Nutrient Comparison: Canned Kidney Beans VS Boiled Potato Flesh, Cooked In Skin per 5 oz
Compare the macro and micronutrient content in 5 oz of Canned Kidney Beans versus 5 oz of Boiled Potato Flesh, Cooked In Skin to make informed dietary choices. Explore their nutritional differences and benefits.
Lets compare vitamin content per 5 ounces of Canned Kidney Beans vs Boiled Potato Flesh, Cooked In Skin:
- 5 ounces of Canned Kidney Beans have 2.6 times more Vitamin B2, 3.6 times more Vitamin B9 and 1.9 times more Vitamin K than Boiled Potato Flesh, Cooked In Skin.
- While 5 oz of Boiled Potato Flesh, Cooked In Skin without Salt contain 3.5 times more Vitamin B3, 3.8 times more Vitamin B5, 4 times more Vitamin B6 and 10.8 times more Vitamin C than Canned All Types Kidney Beans.
- Both Canned Kidney Beans and Boiled Potato Flesh, Cooked In Skin provide similar amounts of Vitamin B1 per five ounces.
- 5 ounces of Canned Kidney Beans have insufficient amounts of Vitamin C
- 5 ounces of Boiled Potato Flesh, Cooked In Skin have insufficient amounts of Vitamin B2 and Vitamin K
- Both Canned All Types Kidney Beans as well as Boiled Potato Flesh, Cooked In Skin without Salt have insufficient amounts of Vitamin B12, Vitamin D and Vitamin E in five ounces.
Comparing minerals per 5 ounces for Canned Kidney Beans vs Boiled Potato Flesh, Cooked In Skin:
- 5 ounces of Canned Kidney Beans have 6.8 times more Calcium, 3.8 times more Iron, 1.2 times more Magnesium, 1.2 times more Manganese, 2 times more Phosphorus, 74 times more Sodium and 1.5 times more Zinc than Boiled Potato Flesh, Cooked In Skin.

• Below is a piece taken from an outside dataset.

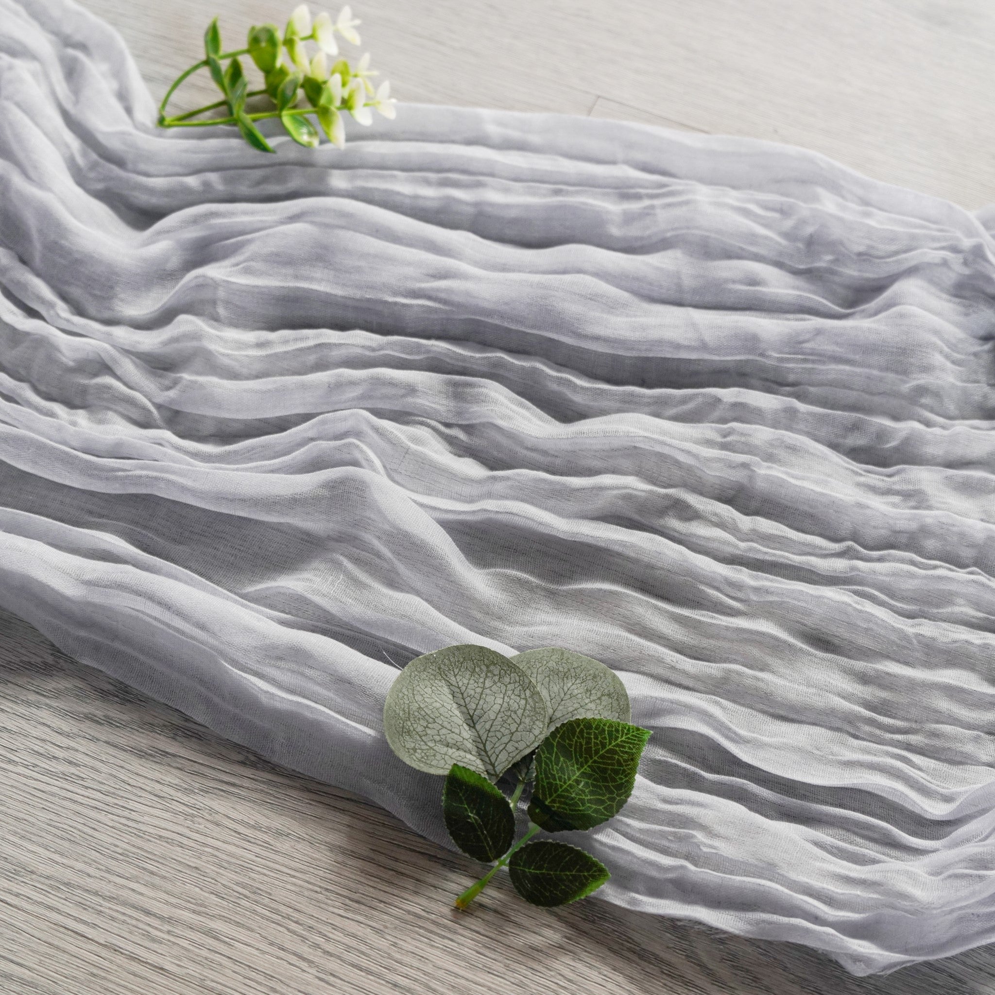 Of course, this gauzy cloth table linen can also be used to create more elegant settings when placed over tablecloths and topped with crystal centerpieces or twinkling fairy lights. Adding a cheesecloth table runner adds elegance to wooden tables without taking away from their beauty. The 16ft length is ideal for creating a cascading, pooling effect over the edge of tables. The extra long length easily allows the runner to intertwine around table centerpieces for a picture-perfect tablescape.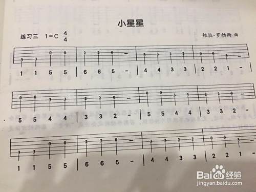 然后我们来进行一组单音练习。单音的谱子六根线条,最上面一根即为我们吉他上的1弦,最下面则是6弦。谱子上的阿拉伯数字写在哪根线上,则表示我们要按和要弹的是哪根弦,阿拉伯数字是几,就表明我们要按在极品上。如下面这首小星星,第一个音表示按住5弦的三品,用大拇指往下拨5弦。按弦的时候凡是一品用食指按,二品用中指,三品用无名指,四品用小指。

- While 5 oz of Boiled Potato Flesh, Cooked In Skin without Salt contain 1.4 times more Copper and 1.6 times more Potassium than Canned All Types Kidney Beans.
- Both Canned Kidney Beans and Boiled Potato Flesh, Cooked In Skin contain similar levels of Water per five ounces.
- 5 ounces of Boiled Potato Flesh, Cooked In Skin lack sufficient amounts of Calcium
- Both Canned All Types Kidney Beans as well as Boiled Potato Flesh, Cooked In Skin without Salt lack sufficient amounts of Selenium in five ounces.
Comparison of macro-nutrients per 5 ounces:
- 5 ounces of Canned Kidney Beans have 8.2 times more Omega 3, 2 times more Sugars, 2.4 times more Fiber and 2.8 times more Protein than Boiled Potato Flesh, Cooked In Skin.
- While 5 oz of Boiled Potato Flesh, Cooked In Skin without Salt contain 1.4 times more Carbohydrate than Canned All Types Kidney Beans.
- Both Canned Kidney Beans and Boiled Potato Flesh, Cooked In Skin offer comparable quantities of Energy per five ounces.
- 5 ounces of Boiled Potato Flesh, Cooked In Skin provide inadequate amounts of Omega 3
- Both Canned All Types Kidney Beans as well as Boiled Potato Flesh, Cooked In Skin without Salt provide inadequate amounts of Omega 6 in five ounces.